8 Ways to Beat Your Pet’s Winter Blues
Seasonal Affective Disorder can affect pets too. Find out how to cheer your pooch or kitty up with these 8 easy steps.
An estimated half a million Americans suffer from the wintertime blues, more clinically known as Seasonal Affective Disorder (SAD), which is brought about by lack of sunlight.
But humans aren’t the only ones affected. Our animal friends suffer some similar symptoms such as depression, lethargy, and sleep problems. There are ways to help your pet—and cheer yourself up, too:
“Get your pets outside, where they can experience different smells and be visually stimulated,” says Victoria Wells, senior manager of behavior and training at the ASPCA’s Adoption Center. They’re also likely to meet other animals outdoors, which is especially beneficial to dogs, who are very social.
“There’s so much to be said for exercise and feel-good endorphins,” Wells says, “and without it, animals are going to feel a little more depressed.”
If it’s really too frigid, bring playtime inside. Wells suggests playing hide-and-seek with your dog. “It’s a stimulating game and a teaching game,” she says. “Hide and then call your dog to come to you and then reward him with toys and treats. Don’t make it too complicated – you can just tuck yourself behind a corner.”
For cats, consider cat dancer toys, which mimic prey and are like feathers at the end of a wand. You can also make the same thing for a dog with a plush toy at the end.
“An easy way to provide your dog with some exercise is to get him on a treadmill,” says Tyson Kilmer, dog training guru and host of “Natural Companions” on Veria Living.
Stimulate the mind
“There’s a whole bevy of interactive puzzle games to keep dogs mentally stimulated,” Wells says, such as toys with interlocking pieces or hollow toys that can be stuffed with treats. Solving puzzles like these satisfies hard-wired instincts and drives in dogs also works.
“Cats can also benefit from mental stimulation, especially those with a strong predatory instinct and mischievous kittens,” Wells adds. You can use battery-operated motion-detected toys like Panic Mouse.
If you’re gone all day, make sure your dog or cat isn’t just vegging out on the rug.
“You can create a scent-related game,” Wells suggests. Take some inexpensive dog toys and impart scents (such as cinnamon, peppermint, or herbal extracts – anything from your baking cupboard) onto them and hide them. “Scent-related dogs like bloodhounds or basset hounds will love sniffing them out,” she says.
Hide the food
Buy interactive toys such as Kong toys or a tricky treat ball and hide your pet’s food in them. But be aware, advises Wells: “This can be frustrating for a dog so gauge if she is getting all that food in a reasonable period of time.”
You can also make ice pops for your dog.

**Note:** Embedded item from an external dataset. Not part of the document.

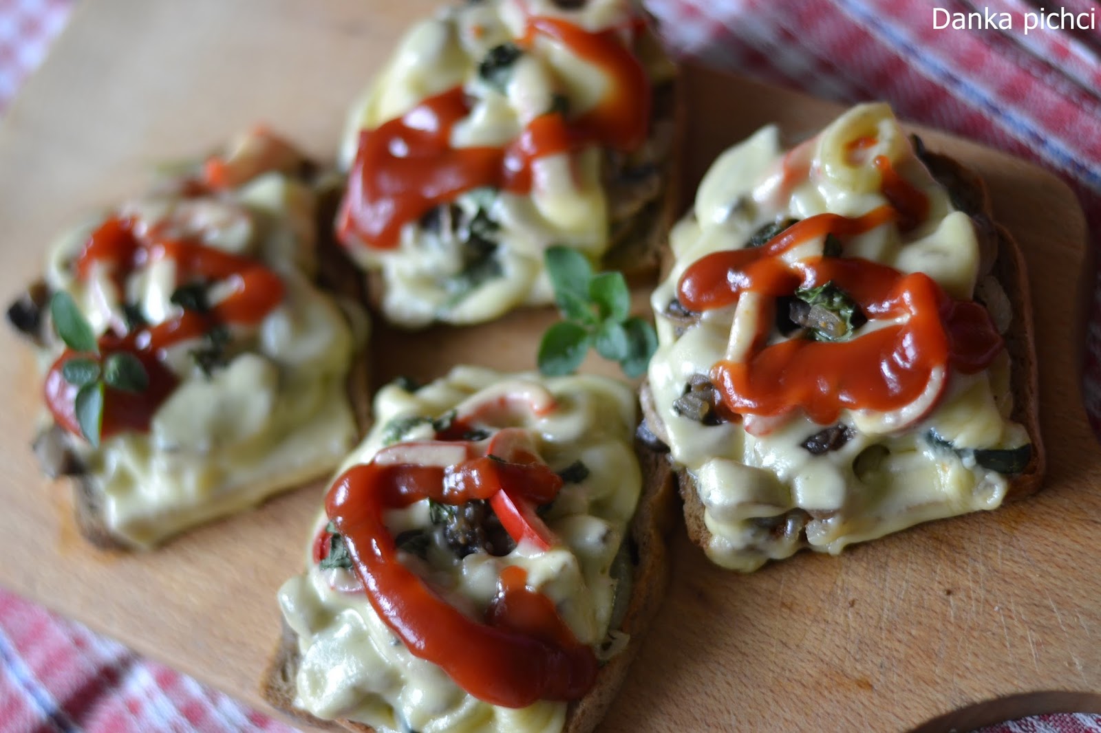 4. Na każdą kromkę chleba położyć trochę pieczarek, cebuli z cukinią, kilka pasków papryki i przykryć plasterkiem sera. Wstawić do piekarnika nagrzanego do 180 st.C. na około 10 minut (do momentu aż ser zacznie się topić).

Place her treats, kibble or any food in the bottom of an old container then fill the container with water (or low sodium stock or bouillon cubes) and freeze. The next day you’ll have a block of ice for your dog. “He’ll lick the ice until he gets to the treat filling the center,” Wells says. “It’s entertaining and will keep him go going for a long time.”
You can also hide cats’ treats. Cut up a paper towel roll and stuff it with cat treats then close up the ends so only a few cat treats come out when your cats bats it around.
Connect and cuddle
“In the winter months it’s all about interaction,” Kilmer says. When your pet can’t get outside, stimulate him with cuddles, playtime, grooming, massage, and training, he advises. “Training especially is amazing. It uses animals’ brains and their memory and leaves them quite physically tired.”
Turn up the lights
Turn on your lights or use brighter light bulbs. You can even buy special lights that replicate outdoor lighting. But don’t forget that you can also simply open drapes and blinds to let in natural light.
And don’t ignore the power of skylights. You can set up your pet’s dog underneath one. “Pets bask in the light, even if it’s not sunny out,” Kilmer says.
Bring the outside inside
Some plants are pet safe and give your animals something to sniff and chew on. Or simply open the window in a room and let some different smells come in. “Even being able to smell outside is going to be entertaining for dogs,” Wells explains.
Or bring the outside closer
Place your pet’s bed or pillow by a window so she can look outside, Make sure the window’s secure, says Wells, and “make sure there’s not something that might upset your pet on the other side of the window.” For cats, you can place a bird feeder outside the window so he has something to watch.
Some human pleasures
Television and music can also be stimulating for your pet. You can simply leave the TV on, or buy a DVD that’s geared towards your cat (showing prey animals) or dog (showing animals, especially other dogs).
‘Animals also respond to sound,’ says Wells, “they like classical music, which can elevate their mood or calm them down, especially if you’re away.”